In this opinion the other judges concurred.

Despite these agreements and the brokerage disclaimer in each, on February 21, 1978, Leon R. Schweir entered into another listing agreement with the plaintiff which was for a two year period. This agreement covered seventy-two acres located in South Windsor and Manchester, to be sold to Map. The trial court concluded that this agreement did not meet the requirements of General Statutes § 20-325a. In this appeal, the plaintiff does not challenge this conclusion. We, therefore, do not consider whether this conclusion was correct.

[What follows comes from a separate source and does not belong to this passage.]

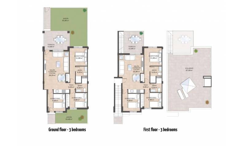 "Este proyecto está disponible opcionalmente con un plano que permite un tercer dormitorio".

Our analysis of the case is hampered by the failure of the plaintiff to comply with Practice Book § 3060P (a), which requires a “concise statement setting forth, in separately numbered paragraphs, without detail or discussion, the principal issue or issues involved in the appeal . . . .’’and with Practice Book § 3060F (d), which requires that the “argument [be] divided under appropriate headings into as many parts as there are points to be presented . . . . ” Thus, we have had to glean from the plaintiff’s narrative brief the specific claims of error of the trial court.

The plaintiff does not claim that, during the thirty day period of the 1972 agreement, Map approached Leon R. Schweir about buying the property. Thus, he does not claim any violation by Leon R. Schweir of the exclusive sales aspect of the listing agreement. See John F. Epina Realty, Inc. v. Space Realty, Inc., 194 Conn. 71, 76 n.4, 480 A.2d 499 (1984).